Reactions: Like 1 | Way Cool 1


----------



## Wildthings (Aug 6, 2020)

DLJeffs said:


> Fantastic. Glad to hear the little birds made it this far. Dave - there's some good nest camera sites if you enjoy checking them out. We have one out this way that is a golden eagle nest. The adult pair has used it successfully for the last three or four years in a row. Kind of fun to check it out once in awhile. They have a recorder set up as well and will often post short segments of interesting action, such as the parents bringing back a rabbit or the fledglings fledging.


Don't tease us and then don't provide the links!!


----------



## DLJeffs (Aug 6, 2020)

Geez, do i have to do everything ...

The golden eagle cam on Wychus Creek is shut down now because the eagles have fledged and are out hunting. Here's the link for next year:
Golden eagle cam

Cornell Ornithology Lab is one of the better sites for all kinds of bird stuff. Here's a link to their cameras:
Cornell Ornithology Lab Nest Cams

Went out to see a flock of tiny bush tits that invaded the juniper tree out back. They wouldn't get in camera range but our male Anna's hummingbird flew over to scold me for being on his deck. Cheeky little bastard.

Reactions: Like 2 | EyeCandy! 2 | Funny 2 | Way Cool 3


----------



## Nature Man (Aug 6, 2020)

DLJeffs said:


> Geez, do i have to do everything ...
> 
> The golden eagle cam on Wychus Creek is shut down now because the eagles have fledged and are out hunting. Here's the link for next year:
> Golden eagle cam
> ...


Great photo! So clear and in focus! Chuck

Reactions: Thank You! 1


----------



## Graybeard (Aug 7, 2020)

There's an eagle cam in Decorah, Iowa that we've watched. Evidently it got blown down in a storm because it's not there anymore. https://explore.org/livecams/bald-eagles/decorah-eagles Looks like maybe the whole tree is down. I was told it had been down for a bit because one of the adults brought a small dog with a collar on into the nest. I guess you could see the collar even after the dog was eaten. Sounds like the stuff of an urban legion but my PT said his mom was a teacher and watched it with her class until it went off air. Not unlikely really.

Reactions: Like 1


----------



## DLJeffs (Aug 7, 2020)

Eagles are amazing;y strong birds and the crushing strength in their talons is very high. I'm sure they could take a small dog or cat with no problem. I want to see a harpy eagle. They take sloths and monkeys right off the tree branches in the Amazon.


----------



## gman2431 (Aug 7, 2020)

Graybeard said:


> There's an eagle cam in Decorah, Iowa that we've watched.

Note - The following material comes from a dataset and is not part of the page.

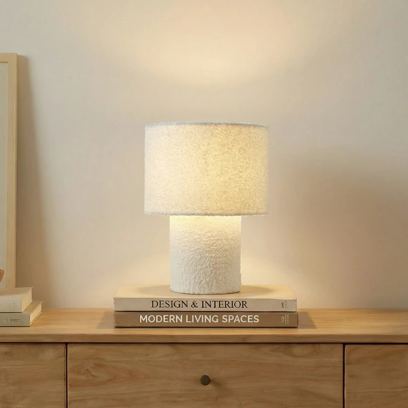 Tischleuchte Jone mit einem Leuchtenschirm und Leuchtenfuß aus Textil

Evidently it got blown down in a storm because it's not there anymore. https://explore.org/livecams/bald-eagles/decorah-eagles Looks like maybe the whole tree is down. I was told it had been down for a bit because one of the adults brought a small dog with a collar on into the nest. I guess you could see the collar even after the dog was eaten. Sounds like the stuff of an urban legion but my PT said his mom was a teacher and watched it with her class until it went off air. Not unlikely really.


We have some falcons here that are always a big hit with people watching them on the camera. Pretty neat to have such a rare bird around this area. 





__





Bird-watching - Grand Haven


Bird-watchers make daily treks through the Grand Haven Area in search of winged wildlife. Understandable. It’s not uncommon to see 50 or more species of birds and waterfowl, especially on an early spring morning near Harbor Island including the majestic bald eagle. Watch as horned grebes do...




visitgrandhaven.com

Reactions: Like 1


----------



## DLJeffs (Aug 9, 2020)

The rufous hummingbird finally showed up. Now he and the Anna's spend all day chasing each other away from the feeder.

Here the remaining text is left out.